When I came back from travel, the ‘holiday Martha’ could be sustained for a week or so and slowly life hit me where work was piled overwhelmingly high, my social worry became engrossed again and academic work seemed unachievable where I felt unworthy to be at university. The setbacks from my own insecurities with reading and writing were the only constant criticism from every lecturer and academic support tutor throughout my entire degree. It manifested back into a spiral of disordered eating problems where it caused more anxiety to leave the house, the further ripple into my social stresses.
My constant put down with my intellectual capacity was something I probably will always be insecure about. I have found my other strengths in life so will not dwell, but university certainly and continually made me feel unwelcome to believe that my content was good rather than how it was presented. But that is for another rant! I found passions outside of university; I found other friends from work. I found meeting people on tinder part of my healthy way to meet new people. I found lots of new things that gained the Martha we see today.
My ED through university hasn’t been something I discussed with much, partly because I felt like a hypocrite. My degree in Human Nutrtion meant we learnt the reasons and symptoms of those that struggle with eating, yet here I was, in the middle of the lecture thinking ‘thats me’. I have come to realise that because I have/had food problems doesn’t make me a worse nutritionist, it makes me human. I am finding a soft comfortability to admit that being human has made me remember that I can go through hardships and allow problems to happen. I am not immune just because I understand food and how it works both physically and mentally. The stigma of food disorders is one I will invest heavily in within my practice as a nutritionist and as a real human.

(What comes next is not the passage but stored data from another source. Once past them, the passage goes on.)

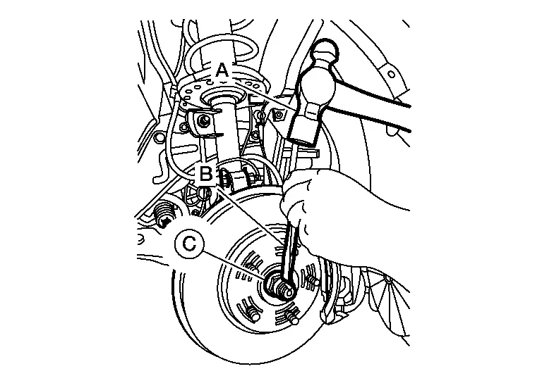 Using suitable tool (A) and cold chisel (B) stake the wheel hub lock nut (C) as shown.
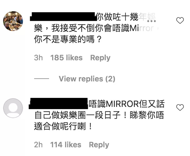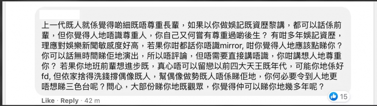 這篇千字文發出之後有網民力撐「每一個演出都要付出好多嘅時間及努力,就算喜歡或不喜歡都必須要尊重別人」,不過亦有網友指:「Mirror你都唔識」、「你太out」、「唔識MIRROR但又話自己做娛樂圈一段日子!睇黎你唔適合做呢行喇!」等。
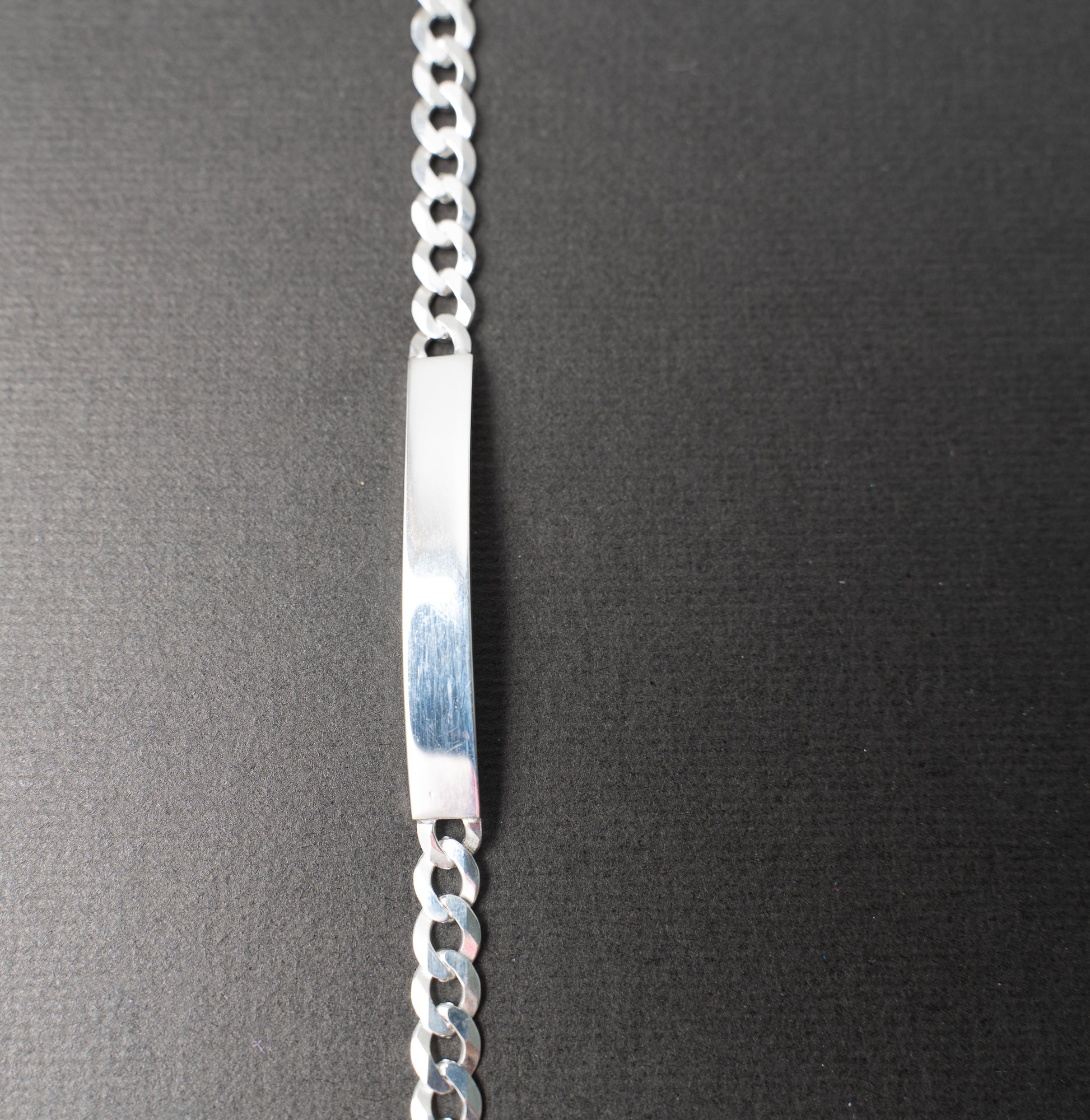 This engravable bracelet is in sterling silver.
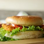 Burger bun per chutney dal ker salad patta,grilled chicken fillets,pyaz,tomato ketchup aur tamatar slices rakh dein.
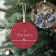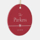 Der süße und einfache Weihnachtsschmuck ist minimalistisch gestaltet, mit Ihrem Familiennamen und dem Jahr in sauberer, klassischer Serifenschrift auf festlichem rotem Hintergrund. Ein kleiner Bogen durch die Mitte vervollständigt das Design. Fügen Sie der Rückseite ein Foto hinzu.
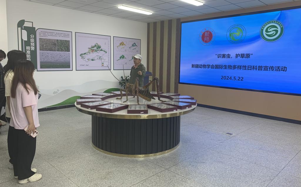 2024年5月22日是第24個國際生物多樣性日。為了進一步增強青少年對新疆草原生態(tài)保護的認(rèn)識,了解草原蟲害綜合防控對于維持草原生物多樣性與生態(tài)平衡的重要意義,新疆動物學(xué)會在新疆師范大學(xué)生命科學(xué)學(xué)院科技樓“中亞區(qū)域跨境有害生物聯(lián)合控制國際研究中心”舉辦“識害蟲,護草原”的系列參觀活動。新疆動物學(xué)會常務(wù)理事張永軍副教授、青年理事劉慧霞博士帶領(lǐng)學(xué)生們參觀了昆蟲標(biāo)本,講解了地形沙盤,觀看了草原害蟲暴發(fā)時的視頻,通過此次活動,旨在讓學(xué)生了解新疆草原主要害蟲種類、形態(tài)特征,激發(fā)學(xué)生學(xué)習(xí)興趣和熱情,深化青少年保護生態(tài)環(huán)境的意識。
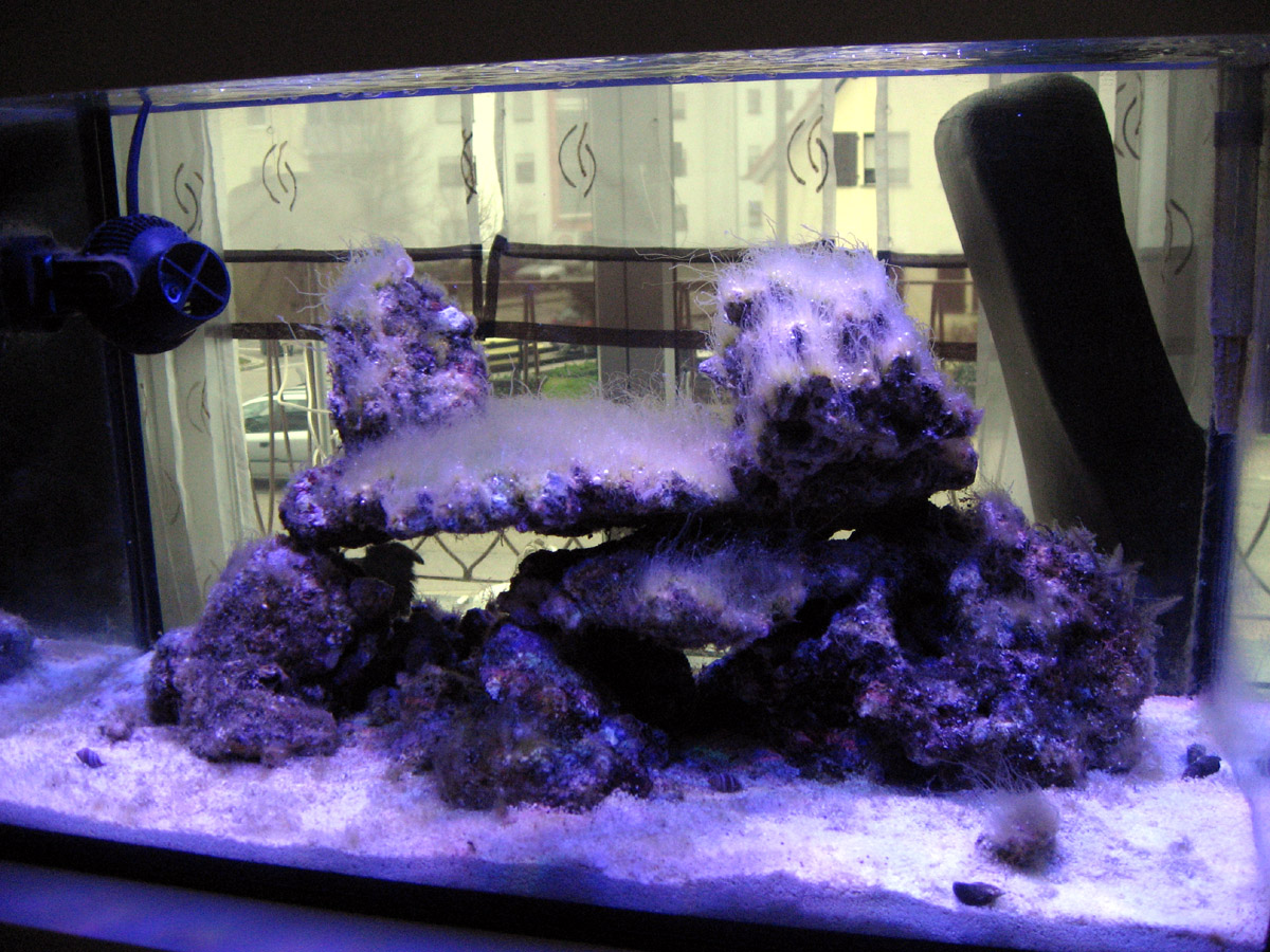 Die dunkelroten Kalkalgen sind am wachsen,der Abschäumer schafft den gelößten(und feine "Teilchen") aus dem System,damit ist der Grundstein für ein "Riff" schon mal gesetzt.
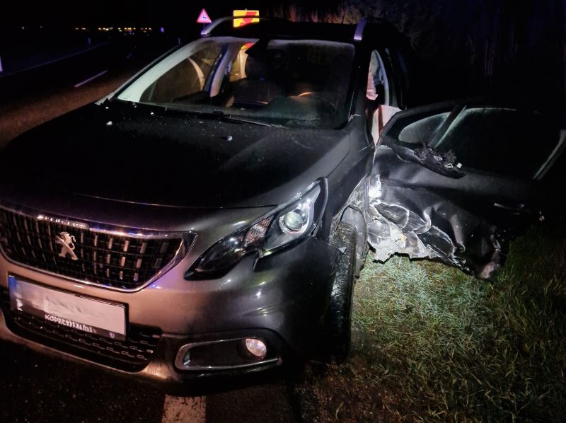 Zwei PKW sind im Bereich einer Kurve kurz vor dem Kreisverkehr zusammengestoßen - ein PKW wurde dabei in den angrenzenden Straßengraben geschleudert, der zweite PKW kam schwer beschädigt auf der Fahrbahn zum Stillstand.

I had rocky moments; lows to highs, good to bad news, pain and upset to laughing non stop and midnight chats. I enjoyed what university gave me; this present Martha. It allowed me to grow away from home, find that inner adult combined with a bigger child mentality, develop skills and interests with people that believed in them too. Meet fascinating people that I can grow with. It’s made me notice that social anxiety isn’t what I have, it’s more I’m comfortable to say no to things I don’t want to attend (I know, but that fear to say no is real!!). I do have a lot of sympathy for the old Martha, I think a lot of her sadness came from wanting to know herself but just unsure of how to develop that insight. That’s why university might be the years we resort back and reminisce of regret for some things but we only look back and think ‘so young, I had no clue’ and it really is true. I was very much a slightly put together Martha, now I feel this epees are slowly moulding together.
Today I am celebrating my hard work by reading the words ‘ Miss Martha Norris is now registered with the Association for Nutrition as a Associate Registered Nutritionist’. I have been waiting three long years to read those words, to finally see them makes every monument I cried, last minute train journey home, locked myself away, phone calls home with every part.